2. Compare Presets and Packs

Use the model-pack manager to compare presets and live profiles before selecting one for active runs:

wraithrun models list
wraithrun models benchmark --introspection-format json

Validate all discovered packs (or a specific one via --profile) before promotion:

wraithrun models validate --introspection-format json
wraithrun models validate --profile live-balanced --introspection-format json

3. Configure Predictable Fallback

Use fallback policy when live inference must not block triage completion:

wraithrun --task "Investigate unauthorized SSH keys" --live --model C:/models/llm.onnx --live-fallback-policy dry-run-on-error

Policy behavior:

  • none: live inference error returns non-zero immediately.
  • dry-run-on-error: runtime retries once in dry-run mode and records live_fallback_decision.

When fallback is triggered, live_fallback_decision.reason_code provides structured classification for automation and alert routing.

When --live is enabled, run output also includes live_run_metrics for operational telemetry (first_token_latency_ms, total_run_duration_ms, live_success_rate, fallback_rate, and top_failure_reasons).

4. Pipeline Gating Pattern

For automation pipelines, combine fallback and exit policy:

wraithrun --task "Investigate unauthorized SSH keys" --live --model C:/models/llm.onnx --live-fallback-policy dry-run-on-error --automation-adapter findings-v1 --exit-policy severity-threshold --exit-threshold high

This keeps ingestion deterministic while preserving incident signaling:

  • adapter output stays machine-consumable,
  • severity threshold still controls process exit code,
  • fallback details and live telemetry are preserved in output for auditability.

5. Troubleshooting Checklist

If live mode repeatedly falls back:

  1. Verify --doctor --live failures first. Check remediation fields for actionable fix guidance.
  2. Confirm model path points to local readable storage.
  3. Confirm tokenizer JSON parses and includes top-level model.
  4. Confirm Vitis paths (--vitis-config, --vitis-cache-dir) are valid when used.
  5. Review live_fallback_decision.reason_code and live_fallback_decision.live_error in run output and capture both in incident notes.
  6. If live-runtime-compatibility reports FAIL, verify the model is a valid ONNX file and matches the runtime (CPU vs Vitis).

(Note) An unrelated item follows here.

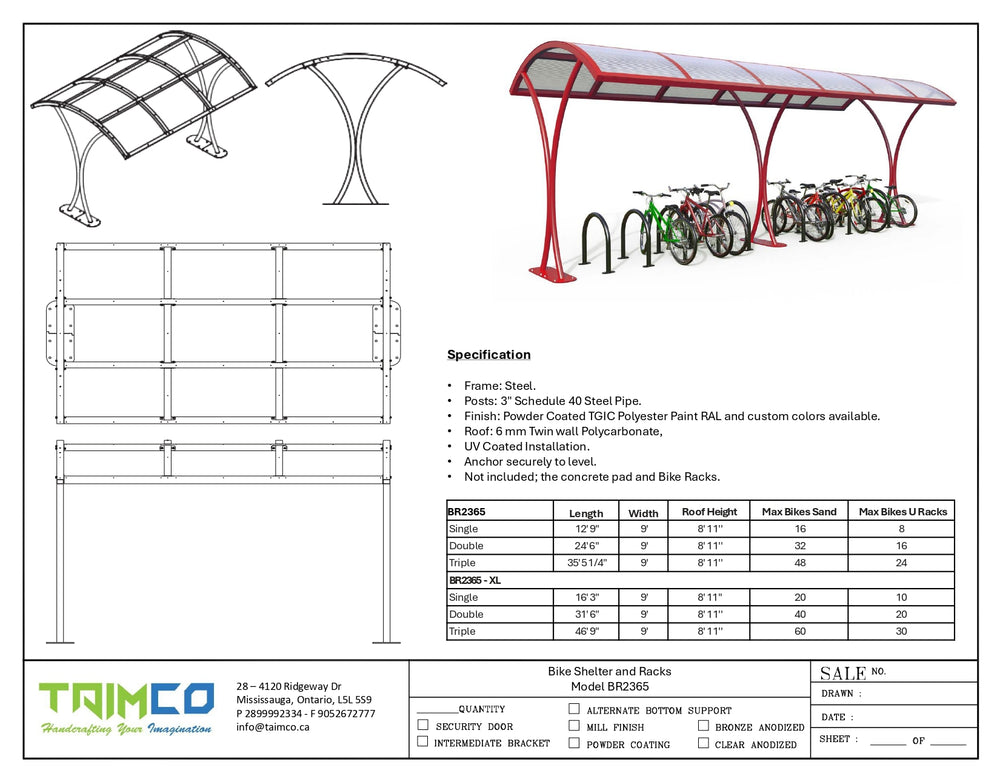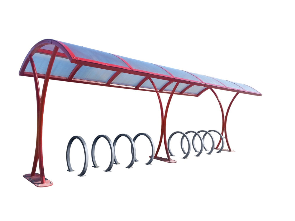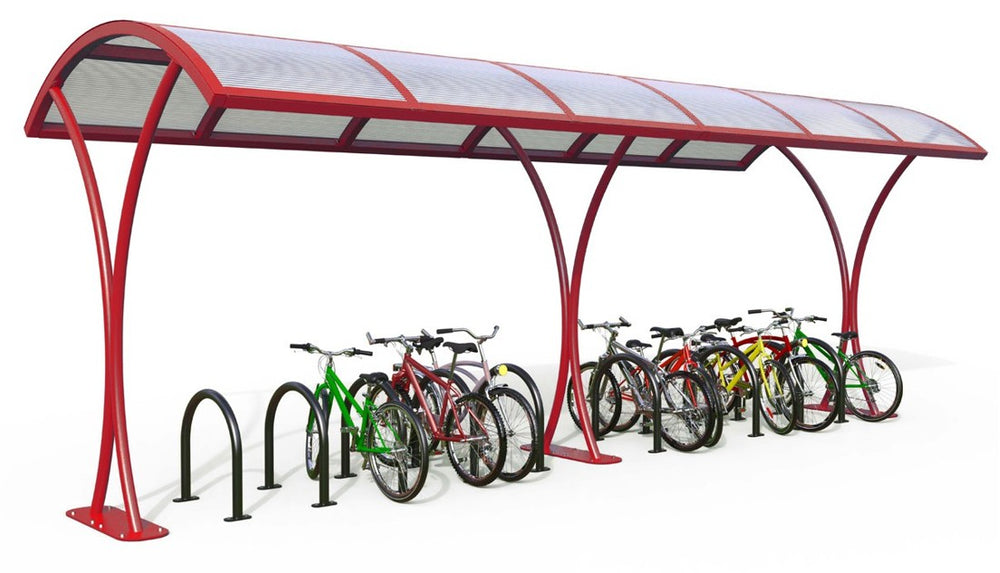 The TAIMCO is a stylish bicycle parking shelter with sweeping lines and a distinctive look. Its wide, translucent roof provides excellent coverage while maintaining a small footprint. Available in 12′ and 15-long models, its modular construction allows for economical expansion. Two-sided MaxRack Stands double the bike capacity.
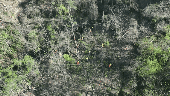 “以前林子太密,树下光秃秃的、没生机。我们来了以后,按作业设计,先把目标树、干扰树做好标记,同时开展抚育间伐,清理长势差、有病害的树木,给优质林木留出空间;再在林间空地、疏林地补植彩叶树种。陡坡地段机械上不去,就人工背苗、电镐打窝,一棵棵栽种。现在林分层次清晰、色彩丰富。”施工员王恩炎介绍道。

6. Session Caching and Performance (v1.6.0)

WraithRun caches the ONNX session and tokenizer across investigation steps within a single run. This eliminates per-step session rebuild overhead for multi-step investigations.

The agent also tracks prompt prefix reuse across steps. When consecutive prompts share a common prefix (e.g., system prompt + prior context), the prefix hit/miss ratio is logged for observability. Full KV-state reuse is scaffolded for a future release.

Since v1.8.0, the prefill attention mask correctly accounts for forced cache padding on models that lack a use_cache branch toggle (#136). Previously, models like Qwen2.5 and Llama 3.2 could crash with a shape broadcast error during prefill because the attention mask length did not include the initial cache dimension.

Also since v1.8.0, execution provider reporting now detects DirectML and CUDA backend overrides (#142), so model_capability.execution_provider in JSON output accurately reflects the active backend instead of always showing CPUExecutionProvider.

Temperature controls affect live inference behavior:

  • --temperature 0 (or omit): greedy decoding — fastest, fully deterministic output.
  • --temperature 0.10.3: low-entropy sampling — slight variation while staying focused.
  • --temperature 0.5+: higher-entropy sampling — more creative but less predictable.

For incident response triage, 0 or 0.1 is recommended to keep findings deterministic and reproducible.

7. Operator Recording Guidance

When fallback is triggered during an active case:

  • keep the run output with live_fallback_decision,
  • preserve evidence bundle artifacts,
  • record whether fallback affected analyst confidence or timeline.